Тысяча и одна минута. Том 3 - Иван Ваненко
Шрифт:
Интервал:
Закладка:
А Дурень Бабин и расхохотался на эту оказию!.. Да чтож ему и делать, коли выспался.
Вот идет Дурень, с ноги на ногу переступает, точно вчера хмелен был, точно понатянулся того вина заморского, которое вишь если выговорить захочешь, то язык свихнешь, а как польешь его не мимо горла, зашиворот, то уж так на одну сторону и потягивает!
Идет Дурень и видит; рядом две избы стоят, исписанные-неузорчатые и притулясь своими крышами к сырой земле. Дурень себе на уме и посмеивается: «видно, говорит, хозяин хорош, что об доме не заботится, да видно, еще молвил, и исправник не глуп, что позволяет донельзя стоять!» Ах ты Дурень, Дурень, еще умничаешь!.. Да ты свою избу построй, да и раздобарывай! Ну да пусто его Дурня, пес его возьми, посмотрим, что то вышло далее?.
Зашел он в избу, ан нет никого; «вот думает, глупый народ! смотри пожалуй, все наровят на добряка напасть: и двери настеж и окна без запора, и рот на распашку и язык на плечо, так вот и думает, что народ заморский глупее их; хорошо, что я не из этаких: я и при вас да к вам же в рот влезу хоть обувшися, если вы таковские!» Ведь экой хитрец, посмотришь, щуку нырять выучит!

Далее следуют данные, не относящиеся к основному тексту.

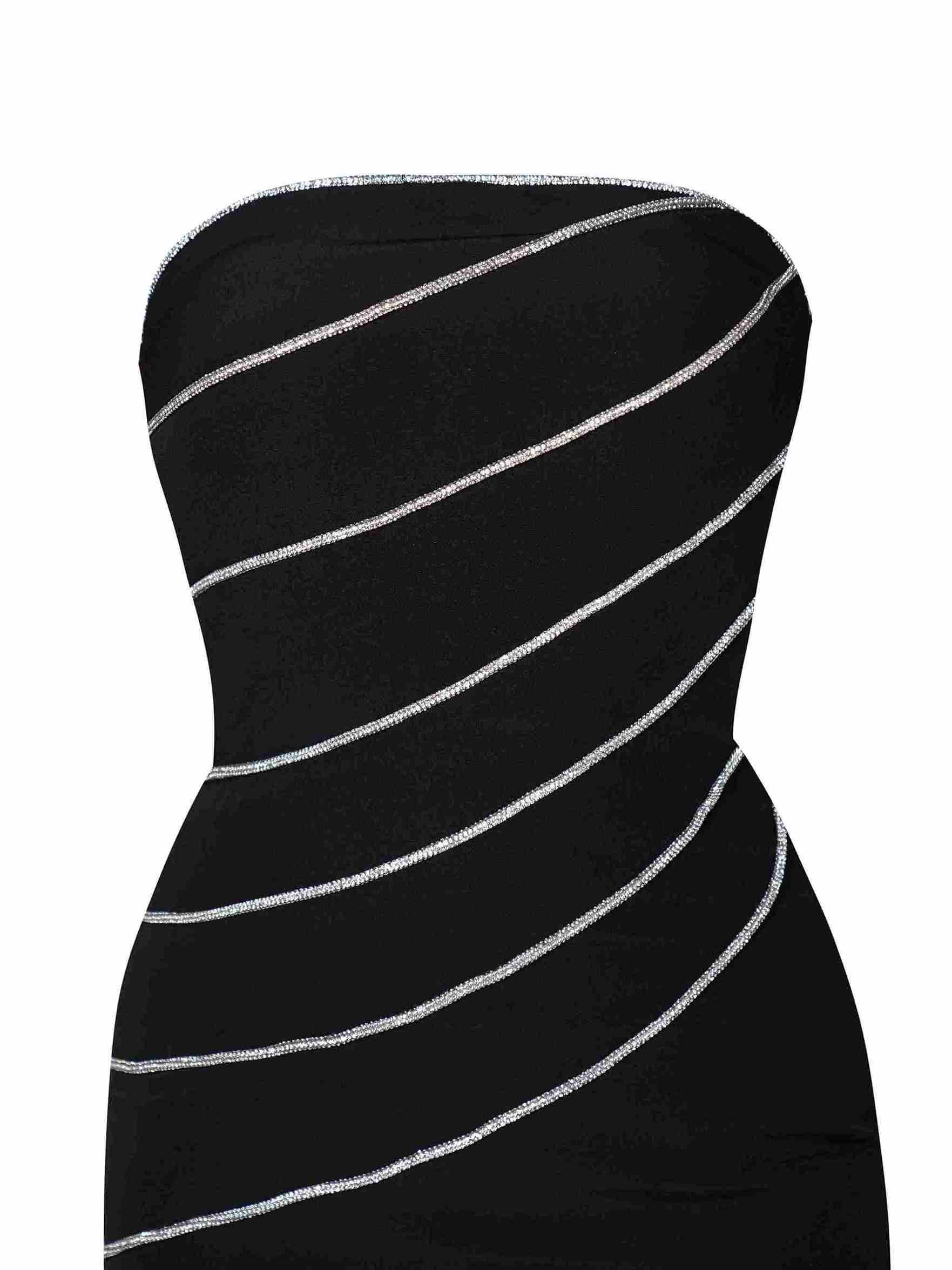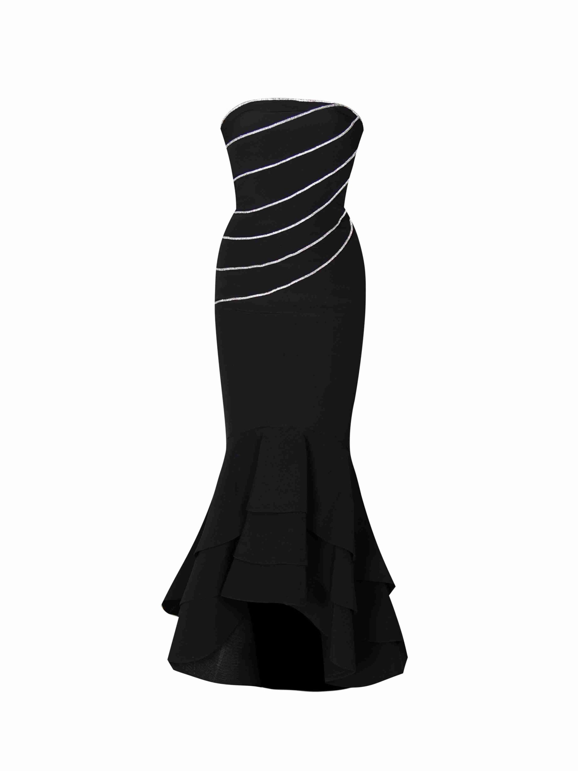 - ترکیب ظرافت و درخشش: استفاده از نگینهای سواروسکی باعث میشود که لباس در نور، جلوهای بینظیر و خاص داشته باشد

Завидел Дурень свет под полом; поднял половицу, глядь: а там и сидит сила нечистая, не к ночи сказать, и занимается работою, хоть бы в нору заморскому боярину, потасовывает да подсовывает…. Два то чорта там были точно братья родимые похожи друг на друга, как две капли-вина не русские, и зовут друг друга одинаким имянем; инда Дурень подивился такому сходству, хоть бы ему Дурню дивиться и последовало. Один из них бумажки мечет на стол писаные, а другой заглянет к тому, что близко него сидит, да сзади побратиму чорту пальцами штуки и выкидывает.
Смотрел-смотрел Дурень и диву дался, чего они пострелы распотешились! Иной загнет угол у ярлыка крашеного да и бряк на стол, а тот, кто супротив стоит, покинет свои ярлыки на ту на другую сторону да и молвит: убито!.. и этот, что ярлык загибал, начнет драть сам себя за волосы… Уж лучше, думает Дурень, он бы знал загибал, а таскать-то себя другому-б велел, а то что одному и за тем и за этим маяться.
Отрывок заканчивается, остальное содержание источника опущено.